バイオアベイラビリティとは
バイオアベイラビリティ(Bioavailability)は、生物学的利用能とも呼ばれる。バイオアベイラビリティ(BA)は、経口投与において投与された薬物量のうち消化管から吸収されて循環血流中にまで到達した薬物量の割合をいう。
BAに影響を及ぼす要因
経口投与後の吸収プロセスでの「原薬特性」による要因
① 消化管内容物中での薬物の溶解度
② 消化管管腔内での薬物の安定性
③ 消化管で溶解状態にある薬物の透過性(消化管粘膜障壁透過効率)
④ 吸収過程中小腸および肝臓における薬物の分解率
⑤ 血行性とリンパ行性の振り分け率(2つの吸収経路がある場合)
経口投与後の吸収プロセスでの「製剤特性」による要因
① 製剤の消化管内での放出特性
② 製剤の消化管内での移動特性(徐放製剤の開発では特に重要な要因となる)
経口投与製剤化が困難と予想される原薬特性
① 膜透過性が低く、消化管から絶対吸収率が悪い。
② 膜透過性は良いが、初回通過代謝のために絶対吸収率が悪い。
③ 溶解度が低く、十分な吸収性の確保が困難
④ 消化管内での分解を受けやすい
⑤ 化学的安定性が悪く、保存時の安定性確保が困難
⑥ 投与量が多く、製造性に支障
上記の事項からBCS Class IV (溶解度が低く、吸収性も低い)の化合物がやはり製剤化しにくいと言える。

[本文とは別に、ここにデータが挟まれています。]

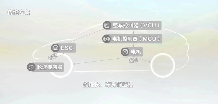如上图,在传统汽车底盘中,车轮感应到的信息会一层一层上传,经过ESC、VCU、MCU,再到电机,最后再由电机向轮胎发出指领。“整个过程要100毫秒左右。如果车速60Km/h,此时车又前进了将近2米。”显然,在阻力极小的雪地,信号与指令的传递必须毫秒必争。
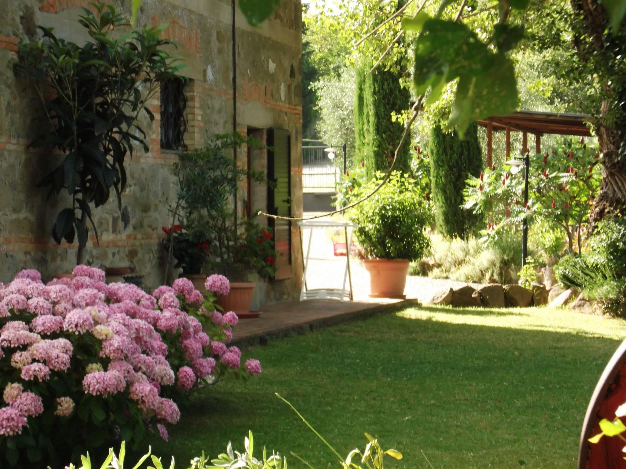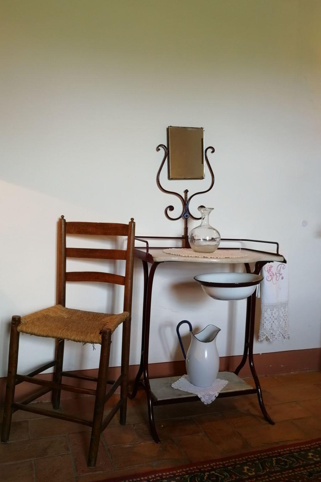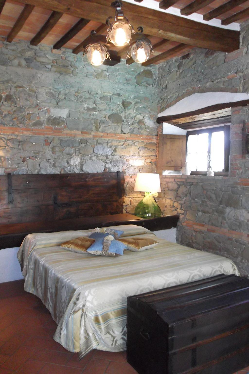Das Ferienhaus bietet ein einzigartiges Ambiente mit geschmackvoller Einrichtung und drei Schlafzimmern auf zwei Etagen. Im Erdgeschoss gibt es einen großen Wohnbereich mit einem Schlafsofa für zwei Personen (1,60 x 1,90 m), ein geräumiges Schlafzimmer mit einem Doppelbett, eine kleine, aber voll ausgestattete Küche und ein Badezimmer mit Dusche. Von diesem Bad aus kann man durch eine Glastür direkt in den Garten gehen. Eine Holztreppe führt in das Obergeschoss, das auch über eine Außentreppe zu erreichen ist. Im Wohnbereich im Obergeschoss ist der große originale Kamin der Mittelpunkt an kalten Tagen und sorgt für Wärme und Behaglichkeit. In der geräumigen, voll gemauerten Küche finden Sie alles, was Sie zum Kochen brauchen, sowie eine Sammlung antiker Töpfe und Pfannen, die liebevoll aus verschiedenen Bauernhöfen und Second-Hand-Läden zusammengestellt wurden. Außerdem gibt es zwei gemütliche und helle Schlafzimmer mit je einem Doppelbett und ein Badezimmer mit Badewanne, von dessen Fenster aus Sie den Monte Cetona bewundern können. Ein weiteres kleines Bad mit Dusche befindet sich auf der Loggia; da es über eine Außentreppe direkt zu erreichen ist, wird es gerne zum Duschen nach dem Baden genutzt. Es stehen insgesamt acht Betten zur Verfügung; die Doppelbetten sind jeweils 1,60 x 1,90 m groß. Auf Wunsch kann der Eigentümer im Schlafzimmer im Erdgeschoss ein Babybett aufstellen. Das Haus bietet einen kostenlosen Internetzugang.
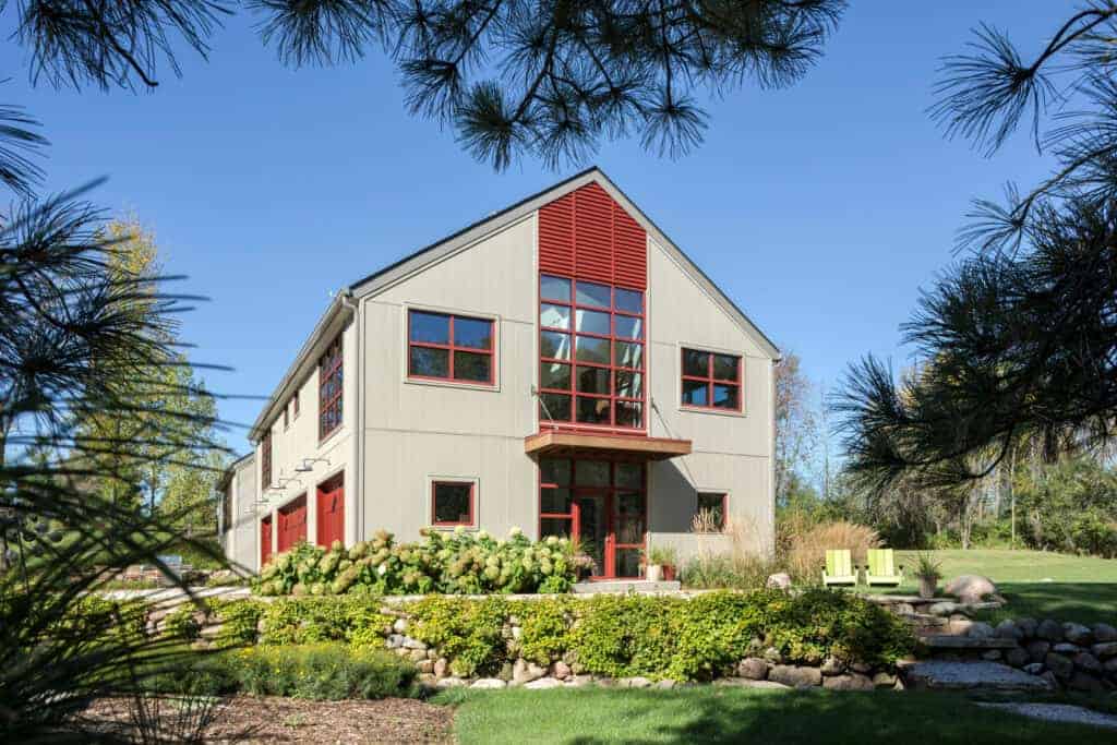 The design expands guest accommodations and entertainment options beyond the main house. The building’s simple, clean lines integrate into the natural rural environment while providing modern conveniences.
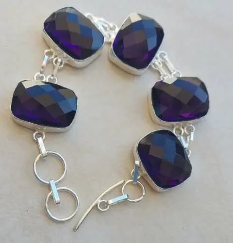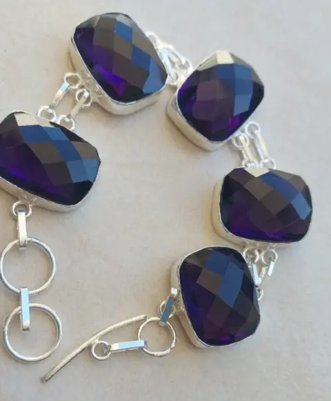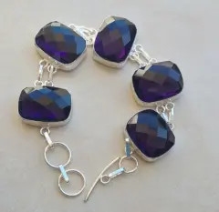 Bella pulsera de amatista. Fabricada a mano en plata ley 925 y amatista natural.La amatista es una piedra meditativa y calmante que trabaja en los planos emocional, espiritual y físico para promover la calma, el equilibrio y la paz. También se utiliza para eliminar la impaciencia.

ファーストエフェクト(初回通過効果)を受ける化合物の製剤化も困難であると言える。
一方、製剤学的工夫によって③~⑥のような技術的課題は克服されてきた歴史がある。ただし、製剤化が容易でないのは事実である。
吸収促進剤や代謝阻害剤の利用又はプロドラッグ化
上記①のような原薬物性の場合には、吸収促進剤を用いての製剤化(生物学的アプローチ)が必要かも知れない。また、上記②のような原薬物性の場合には、代謝阻害剤を用いての製剤化(生物学的アプローチ)の他に、プロドラッグ設計のような化学的アプローチが必要になるかも知れない。